START Task inputs

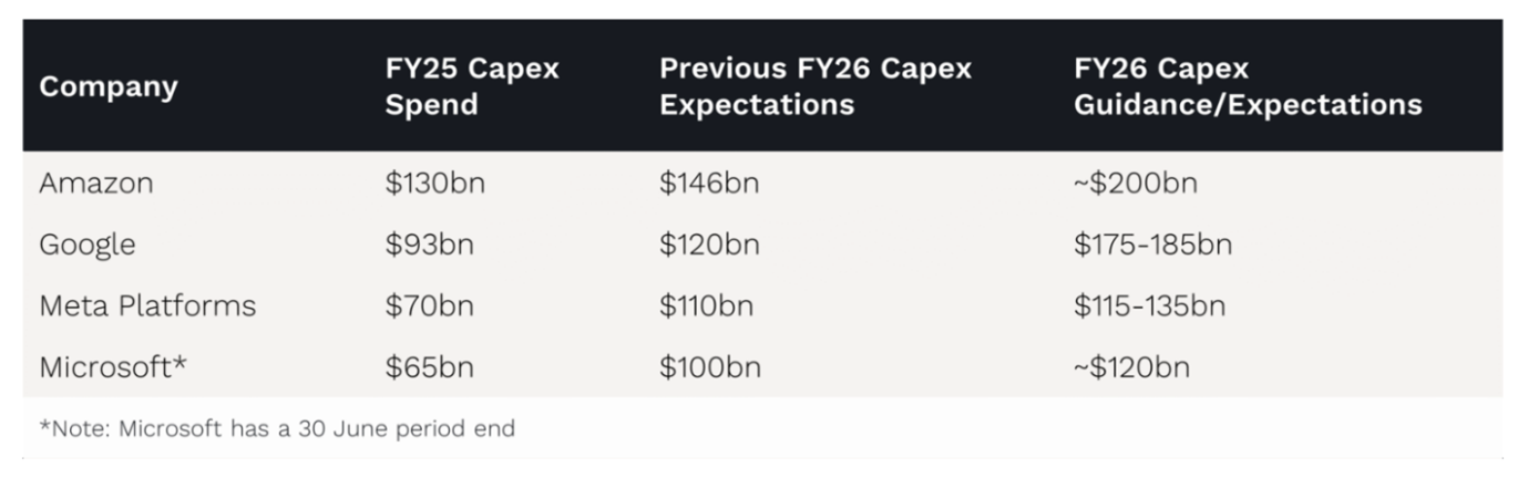 In their recent results, all of these companies provided capex guidance for 2026 that was well above market expectations.
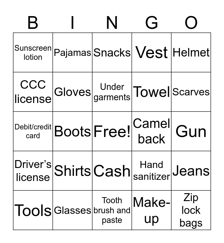 This bingo card has a free space and 37 words: Rain suit and Booties, Latex gloves, Socks, Gloves, Jeans, Shirts, Under garments, Tank tops, Helmet, Cell phone, Boots, Vest, Zip lock bags, Gun, CCC license, Driver’s license, Phone charger, Snacks, Cash, Camel back, Sunscreen lotion, Scarves, Tools, Tooth brush and paste, Jewelry, Make-up, Pajamas, Flash light, Jump box, Water, Shades, Glasses, Debit/credit card, Fan, Hand sanitizer, Towel and Bike cleaner.
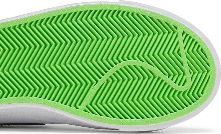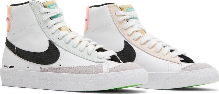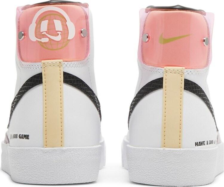Кроссовки Nike Blazer Mid Have a Good Game имеют гладкую белую кожаную основу с тиснением «Have A Good Game» на боковой стороне, а также этикетку на язычке нейтрального тона с надписью «Game On/Team Up». Они также имеют серые замшевые накладки на передней части стопы и белую межподошву поверх зеленой резиновой подошвы.
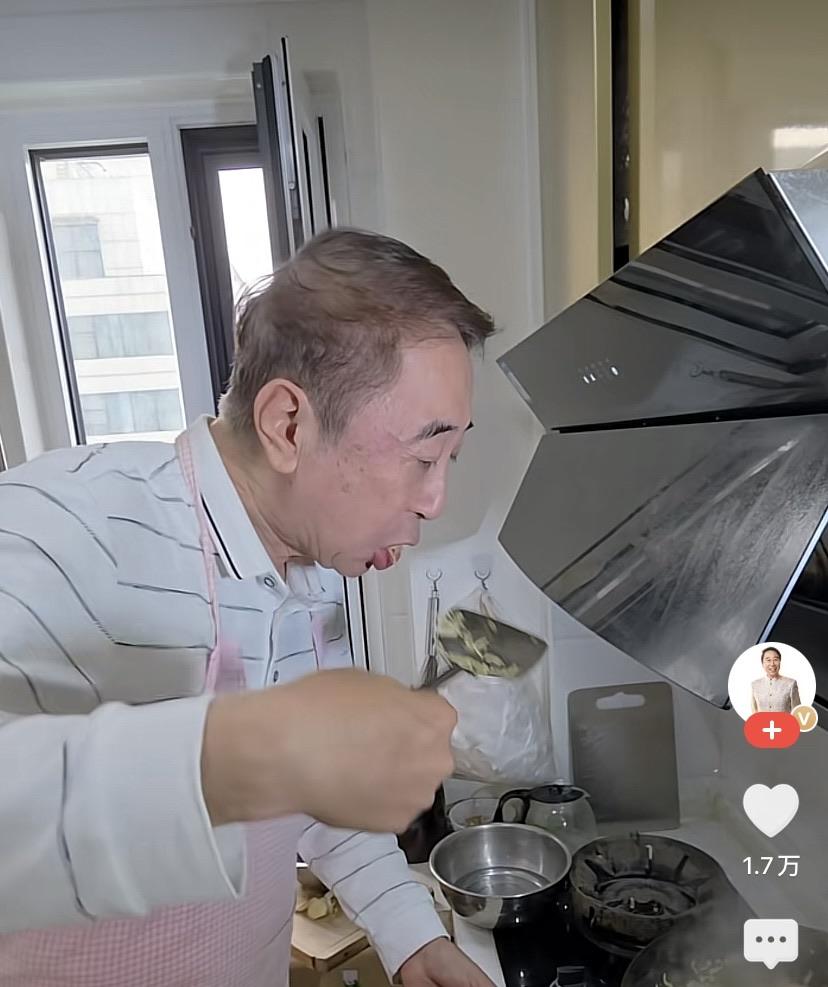 馮鞏摘掉帽子以後,看着他的頭髮特別稀疏,臉上的老年斑很明顯。甚至做飯的時候、後背也有點駝了,真的是歲月不饒人啊。
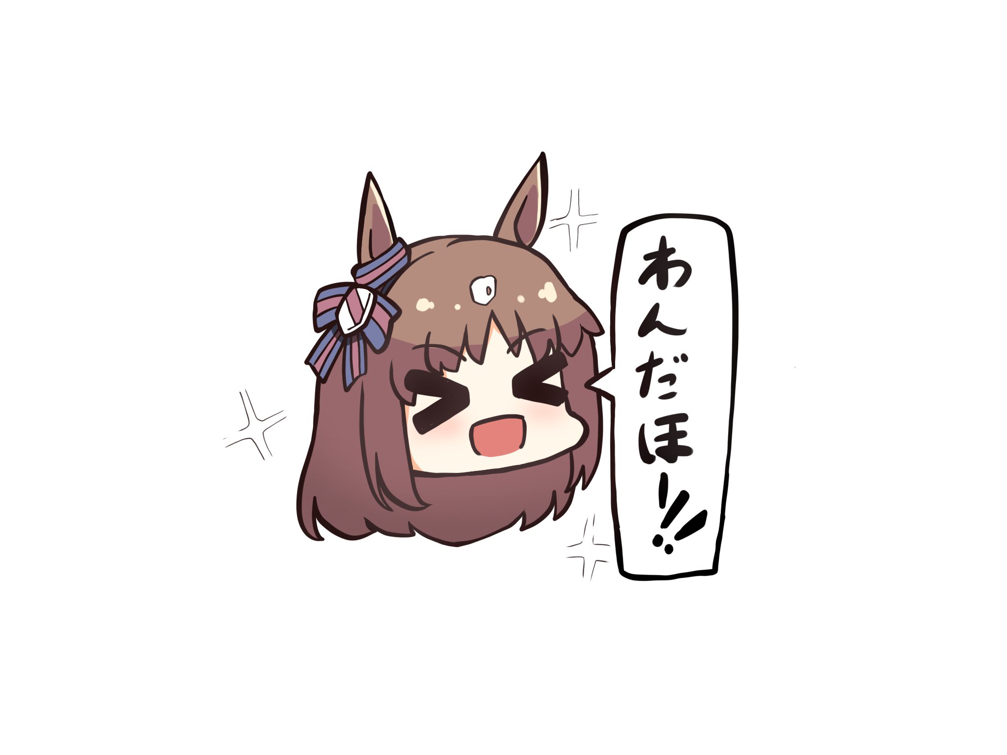 :d1boy1girlanimal earsblushbowbrown hairchibiclosed eyesear bowfacing viewerhead onlyhorse earslong hairmulticolored hairopen mouthsimple backgroundsmilesolostriped bowtwo-tone hairwhite backgroundwhite hairxd

END Task inputs

Restate each entry exactly, omitting pictures.

 In their recent results, all of these companies provided capex guidance for 2026 that was well above market expectations.
 This bingo card has a free space and 37 words: Rain suit and Booties, Latex gloves, Socks, Gloves, Jeans, Shirts, Under garments, Tank tops, Helmet, Cell phone, Boots, Vest, Zip lock bags, Gun, CCC license, Driver’s license, Phone charger, Snacks, Cash, Camel back, Sunscreen lotion, Scarves, Tools, Tooth brush and paste, Jewelry, Make-up, Pajamas, Flash light, Jump box, Water, Shades, Glasses, Debit/credit card, Fan, Hand sanitizer, Towel and Bike cleaner.
Кроссовки Nike Blazer Mid Have a Good Game имеют гладкую белую кожаную основу с тиснением «Have A Good Game» на боковой стороне, а также этикетку на язычке нейтрального тона с надписью «Game On/Team Up». Они также имеют серые замшевые накладки на передней части стопы и белую межподошву поверх зеленой резиновой подошвы.
 馮鞏摘掉帽子以後,看着他的頭髮特別稀疏,臉上的老年斑很明顯。甚至做飯的時候、後背也有點駝了,真的是歲月不饒人啊。
 :d1boy1girlanimal earsblushbowbrown hairchibiclosed eyesear bowfacing viewerhead onlyhorse earslong hairmulticolored hairopen mouthsimple backgroundsmilesolostriped bowtwo-tone hairwhite backgroundwhite hairxd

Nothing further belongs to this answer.